TASK OBJECTIVE - Pictures are not part of the copy; retype all the records below exactly.
-- RECORDS FOR THE TASK follows --
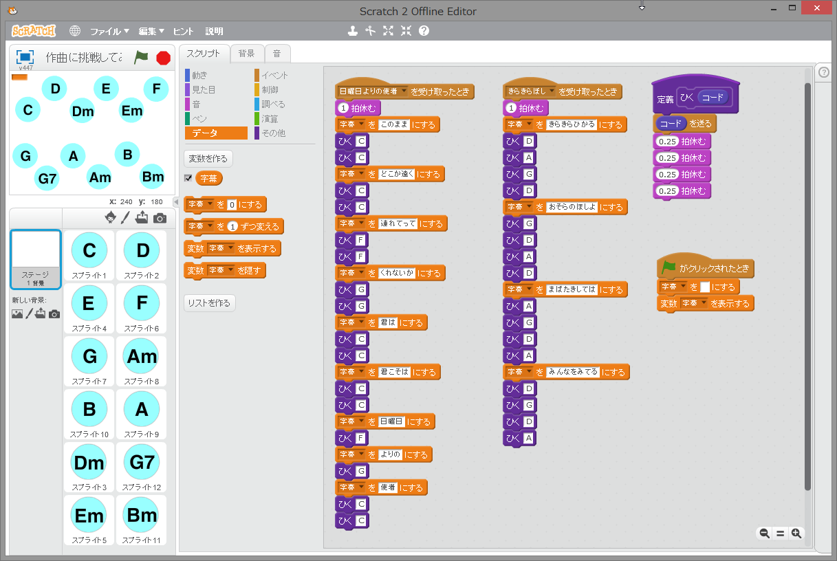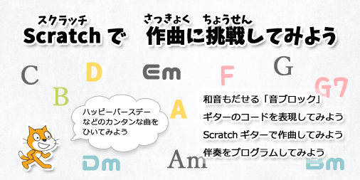 今回は、Scratchをつかってギターコードをひきつつ作曲してみよう!という
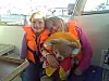 Første dagene etter at det nye mannskapet kom ombord i Lysekil, både regnet det og blåste masse. Men Frisk og barna var like blid. Det gjelder bare å ha god fantasi, så er det masse moro man kan finne på ombord på en seilbåt. Man kan for eksempel krype bak i akterkabienen og se på film, eller man kan kle seg godt og sitte på dekk og se på alt livet i havnen.
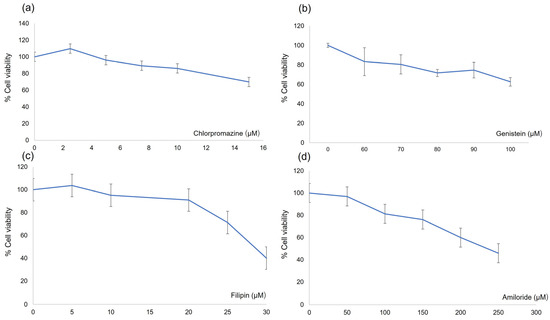 Figure 2. In vitro cytotoxicity test of endocytosis inhibitors. (a) chlorpromazine, (b) genistein, (c) filipin and (d) amiloride. Each value represents the mean ± standard deviation (n = 3).
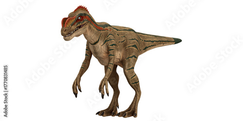 © Ilie, Naklejka premium Dinosaur model with vibrant striped pattern
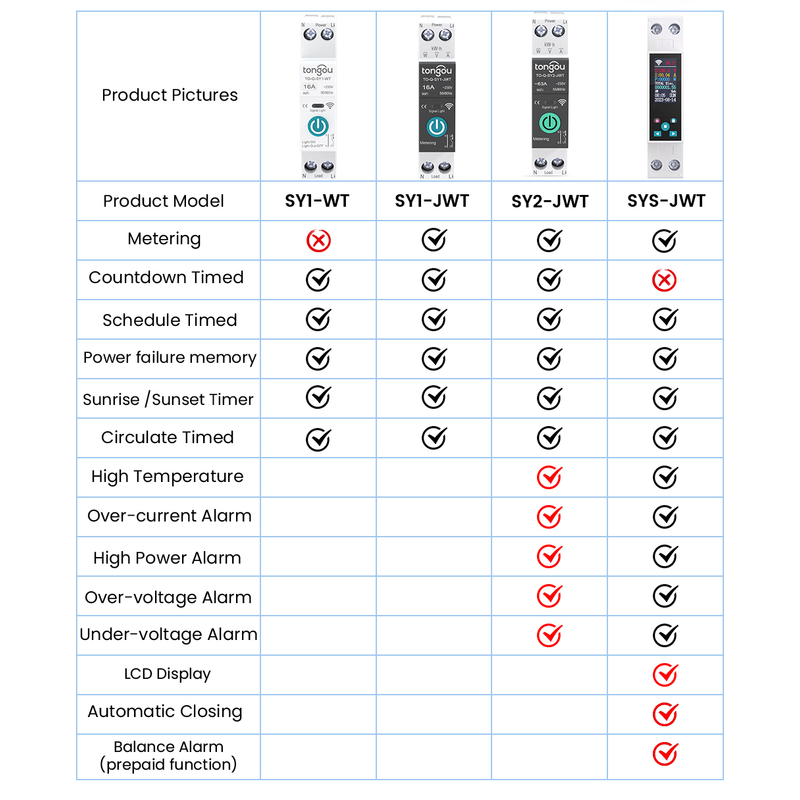 TUYA WIFI Smart Circuit Breaker With Metering 1P 50A 63A DIN Rail for Smart Home wireless Remote Control Switch by APP TONGOU
-- RECORDS FOR THE TASK concluded --
RESPONSE -
 今回は、Scratchをつかってギターコードをひきつつ作曲してみよう!という
 Første dagene etter at det nye mannskapet kom ombord i Lysekil, både regnet det og blåste masse. Men Frisk og barna var like blid. Det gjelder bare å ha god fantasi, så er det masse moro man kan finne på ombord på en seilbåt. Man kan for eksempel krype bak i akterkabienen og se på film, eller man kan kle seg godt og sitte på dekk og se på alt livet i havnen.
 Figure 2. In vitro cytotoxicity test of endocytosis inhibitors. (a) chlorpromazine, (b) genistein, (c) filipin and (d) amiloride. Each value represents the mean ± standard deviation (n = 3).
 © Ilie, Naklejka premium Dinosaur model with vibrant striped pattern
 TUYA WIFI Smart Circuit Breaker With Metering 1P 50A 63A DIN Rail for Smart Home wireless Remote Control Switch by APP TONGOU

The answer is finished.